She stepped back from the window and glanced at her sister. She wished she had told her of his invitation; Jane would know what to do. She’d been meaning to tell her all afternoon but somehow, each time she had tried to begin, the words eluded her.
She tiptoed to the bed and looked down at Jane’s face. She was so still and so pallid that had it not been for the rattle of breath through congested lungs, Caroline might have thought her dead. Death seemed so close that its aspect was already printed on her features. Caroline reached for her hand and stroked the warm skin, longing for her to wake but, as she murmured in sleep, it seemed too cruel to deny her these moments’ respite from pain.
Softly wiping her sister’s hair from her forehead, Caroline stooped to kiss her brow, “I shall come back soon,” she whispered and crept from the room.
Unseen, she hurried down the stairs and, wrapping her cloak around her, slipped out of the Hall.
The moment he saw her, Mr. Harding stood up, “Miss Brandwith, I’m honoured that you decided to come.”
It sounded rehearsed and contrived and, afraid of appearing too eager, she stopped some distance from him.
“I had to come,” she said, “it’s my duty to learn something of my father’s tenants.”
“Your duty,” he nodded seriously. “Then we had better make sure we take no pleasure in our walk.”
He seemed to be trying not to smile and his flippancy unnerved her.
“Are you mocking me, Mr. Harding?”
“Heaven forbid!” He laughed and offered her his arm, “May I?”
“No, sir. You may not. I am quite capable of walking unaided.”
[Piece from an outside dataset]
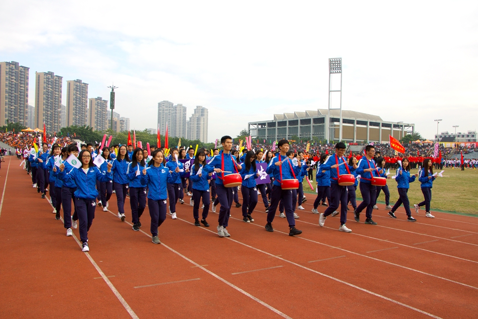 11月28至29日,我校于松山湖校区真草运动场举行2017年体育运动会。开幕式在一曲《潮》的伴随下拉开了序幕,接着由我校各二级学院师生代表及校友代表组成的十八支方阵队伍步入会场。经济与管理学院的方阵迈着整齐划一的步伐,高喊“风口浪尖,我们争先;经济管理,最棒是你”的口号,并举着“经世济民生,管才理天下”的牌子闪亮登场,向全校师生展现了yl88858永利集团积极奋进的英姿。随后,校党委副书记吕琦元致辞。在运动员代表和裁判员代表分别宣誓后,校运会组委会主任、党委书记成洪波宣布运动会正式开幕。

He laughed all the more, “Very well. Where would you like to begin?”
Already doubting the wisdom of having come, she shook her head, “Wherever you think fit.”
He mused for some seconds, turning in each direction then nodded decisively, “You’ll be familiar with the glebe I suppose, so if we walk back around the Hall and along the north field we’ll reach the common and the river.”
Suddenly he was serious and this time when he looked at her, there was something more pensive in his smile. “It’s quite a trek but it would give me time to describe village life.”
They followed the avenue of trees that bordered the perimeter of the Hall, and he talked of the changing seasons and the festivals that marked the high points of the year. She was fascinated by the harvest feast and tried to imagine the villagers dancing and singing. He spoke of the Lowkirk characters: the fiddler, the drummer and the brewer. His descriptions were laced with anecdotes and stories of the former squire, and by the time they had passed beyond the demesne her fear had given way to amusement.
The wooded groves led to a stretch of barren scrub land bordered with yellow weeds and spiky purple thistles beyond which a winding track was marked with a hand painted sign: ‘NORTH FIELD’.
Deep ruts ran along either side of the track, huge waterlogged furrows left by hooves and ploughs. The field stretched before them onto the horizon, the brown earth speckled and banked with balks.
“When I bring the water to the Hall,” he said, pointing along the track, “I’m hoping to lay a series of clay pipes along this stretch to drain the strips. You see how muddy the earth is? Even in summer the water collects here. We’ve tried laying stones and ditches but they didn’t really help so the land is useless for crops.”
Caroline stepped onto a ridge of drier ground and stared across the field. Everything was silent and still; no movement, no life just the still brown earth and the white open sky as far as the eye could see.
“Of course,” he said, squelching through the muddy gullies, “if the enclosure goes ahead, I could be wasting my time.”
She had wondered how long it would be before he mentioned the enclosure and, as the hint of criticism in his voice disturbed her, she dared not look at him.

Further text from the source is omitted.